Activity → Nothing but the lines from the one containing "LÖSEV, Bursa’da Mutlu" to the end of the data should be copied, exactly, and the pictures stay out.

Data extract →
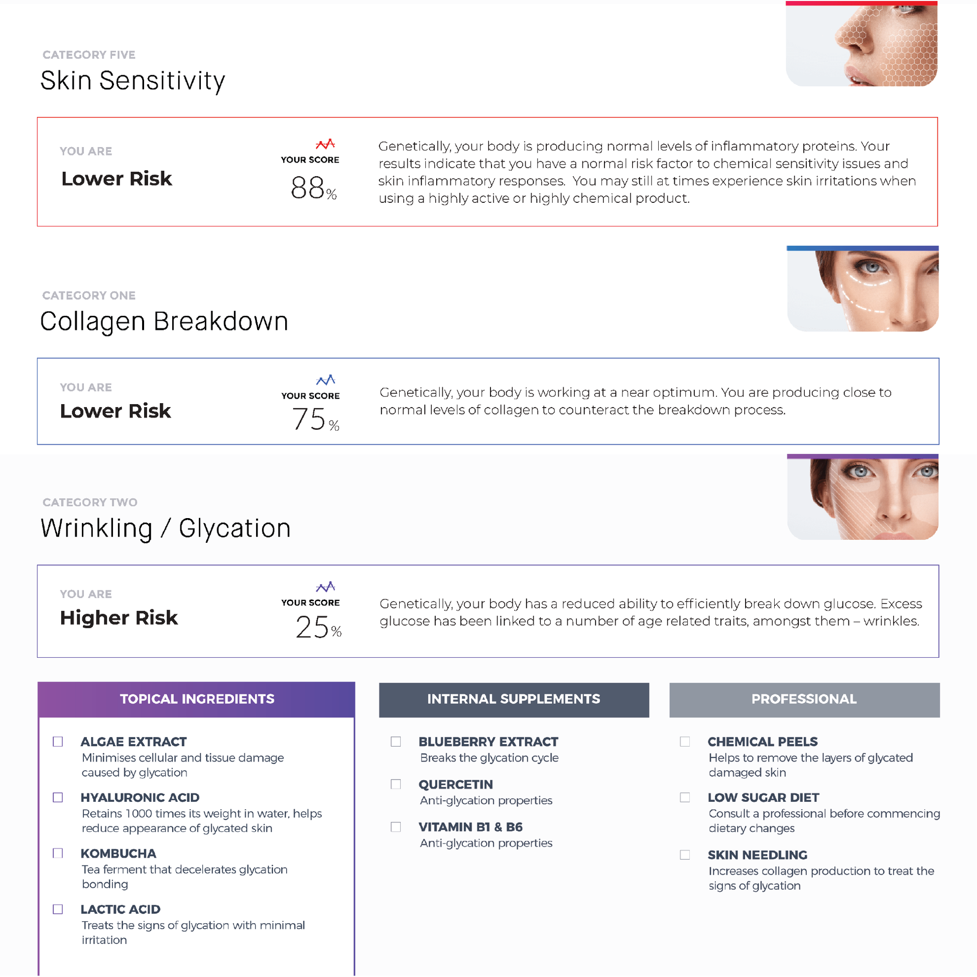 In addition to providing insights into your genetic makeup, MySkinDNA report reveals the most suitable categories of topical and professional treatments, as well as internal supplements. This comprehensive approach enables you to customize your skincare regimen in alignment with your unique genetic profile.
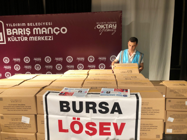 LÖSEV, Bursa’da Mutlu Et paketleriyle kayıtlı hasta ve ailelerine et ve et ürünleri desteğinde bulunmaya devam ediyor. İnegöl’ün ardından Bursa’daki Barış Manço Kültür Merkezi’nde düzenlenen et dağıtımında yüzlerce aileye Mutlu Et paketleri sunuldu
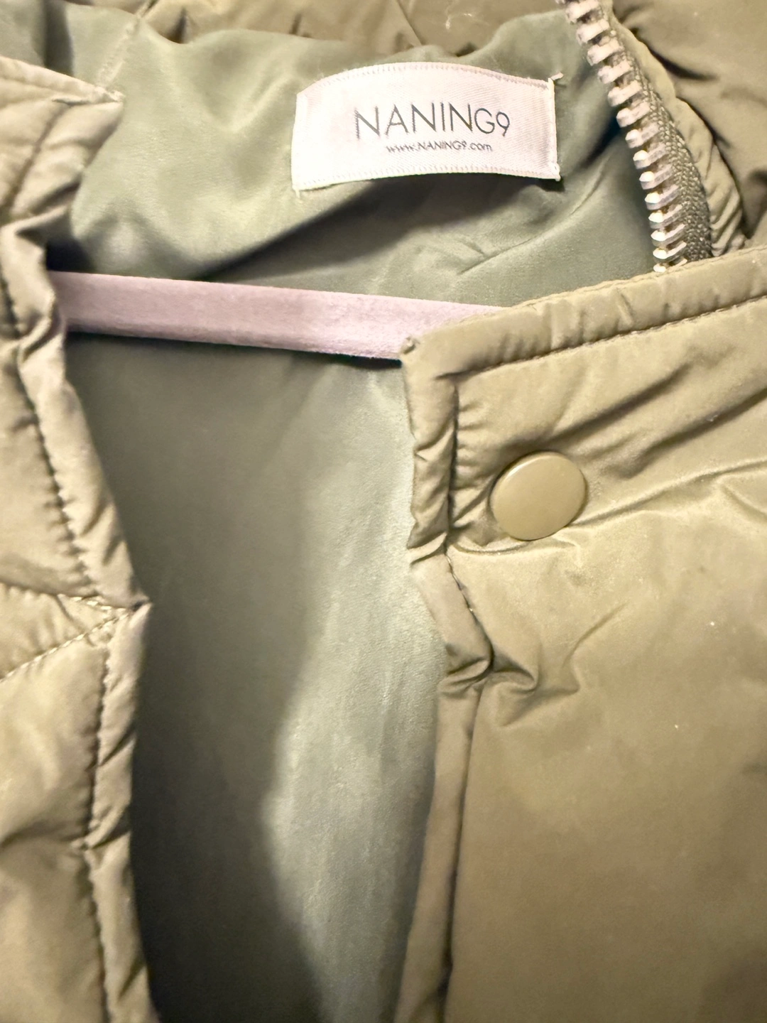 Selling a NANING9 padded down coat in olive green! It's a stylish and warm choice for the colder months. The coat features real fur hood and a comfortable, quilted design.

Task result →
 LÖSEV, Bursa’da Mutlu Et paketleriyle kayıtlı hasta ve ailelerine et ve et ürünleri desteğinde bulunmaya devam ediyor. İnegöl’ün ardından Bursa’daki Barış Manço Kültür Merkezi’nde düzenlenen et dağıtımında yüzlerce aileye Mutlu Et paketleri sunuldu
 Selling a NANING9 padded down coat in olive green! It's a stylish and warm choice for the colder months. The coat features real fur hood and a comfortable, quilted design.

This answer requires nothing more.